针对C/C++等二进制程序，拿到源码的情况下,编译器对函数进行插桩。拿不到源码的情况下用QEMU模拟，然后进行fuzzing 也可。其他的技巧有对python程序fuzzing的话解析AST，修改解析树进行fuzzing等等，总之各种办法倒是有的。

但是在不同的平台下依旧有些问题，比如说mac下os fork的速度比较慢，所以afl这种fuzzing程序，非常不利于在mac下使用。在demo程序的fuzzing中，大概在公司mac上8核满负载跑了2小时，没出任何结果，丢给8核的ubuntu，只用了不到16分钟就跑出来了。同样Windows下也不是个好的选择。

具体的这些工具使用，不打算在这介绍，具体可见我的gist,这里，还算比较详细，同时包含了对几种程序进行fuzzing的示例。

char rnn与文本生成

了解Char RNN先要了解RNN， RNN和LSTM，GRU都是比较擅长处理序列问题，通过逻辑门结构，去降低其序列前后的依赖。从而使神经网络的输出更加符合要求(对于序列生成，似乎不好用准确二字去评价)。

从下图可以看出来，RNN的输出关系可以使一对一，一对多，多对一，多对多等等。

文本的生成是一个序列，而参与训练的也是一个序列，所以看成是一个多对多的训练过程。一段文本作为序列丢进神经网络, 独热编码处理成向量后丢给RNN单元，进行训练。其实是生成的前一个字符，作为下个字符输出的输入。

虽然简单基础但可以清晰度反应句子生成的运行流程，首先需要建立一个词库Vocab包含可能出现的所有字符或是词汇，每次模型将预测得到句子中下一个将出现的词汇，要知道softmax输出的只是一个概率分布，其维度为词库 Vocab 的size，需再通过函数将输出概率分布转化为 One-hot vector，从词库 Vocab 中检索得出对应的词项；在“Char-RNN”模型训练时，使用窗口在语料上滑动，窗口之内的上下文及其后紧跟的字符配合分别为一组训练样本和标签，每次以按照固定的步长滑动窗口以得出全部 “样本-标签” 对。 –引用自知乎专栏

具体的实现有很多种方法，去年的时候用darknet，训练集用的是xss的payload。但是没有测试具体的效果。作为样本生成来说，完全没有任何问题。python的话，keras,pytorch, tensorflow实现的各种版本也都有，所以仅仅实现概念验证，还是比较容易的。

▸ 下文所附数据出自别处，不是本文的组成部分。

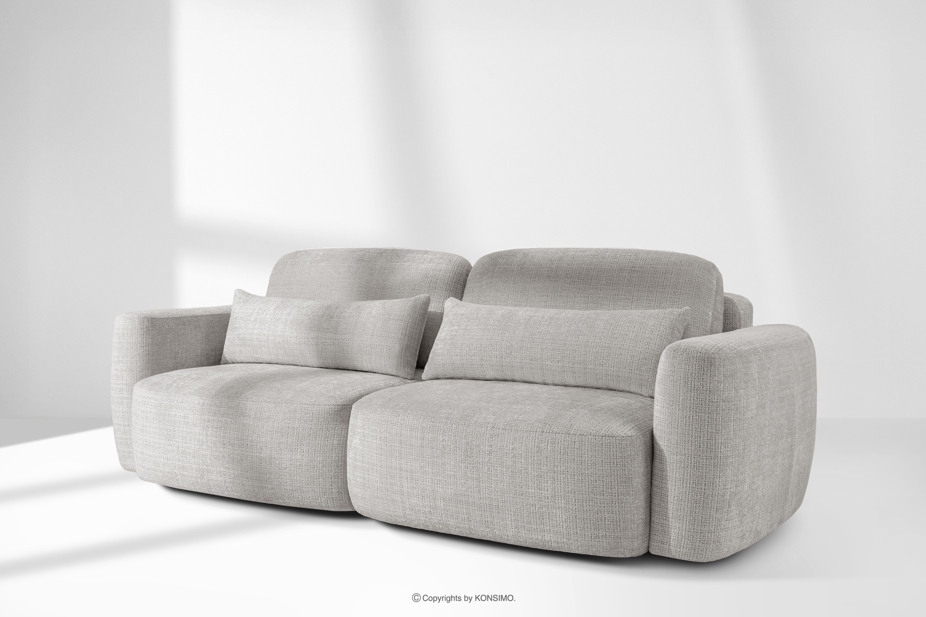 ELOSA Sofa 3 Japandi aus hellgrauem Chenille-Stoff
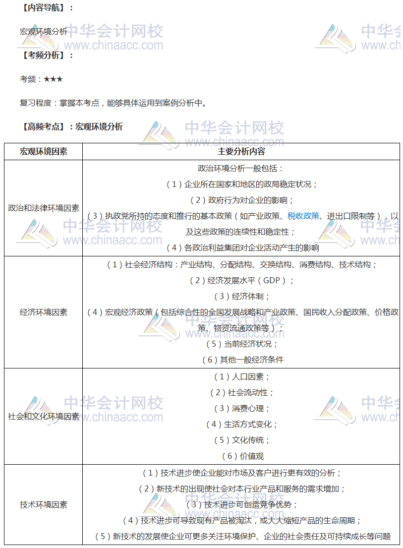 2018年注會《戰略》高頻考點:宏觀環境分析

char-rnn并不是唯一的方法，lstm也可以，下面提供了一份lstm生成文本的代码，来自Nietzsche。当然采用GAN也可以生成文本。但是并不是很适用于文本生成，具体参见强化学习在生成对抗网络文本生成中扮演的角色、


'''Example script to generate text from Nietzsche's writings.

At least 20 epochs are required before the generated text
starts sounding coherent.

It is recommended to run this script on GPU, as recurrent
networks are quite computationally intensive.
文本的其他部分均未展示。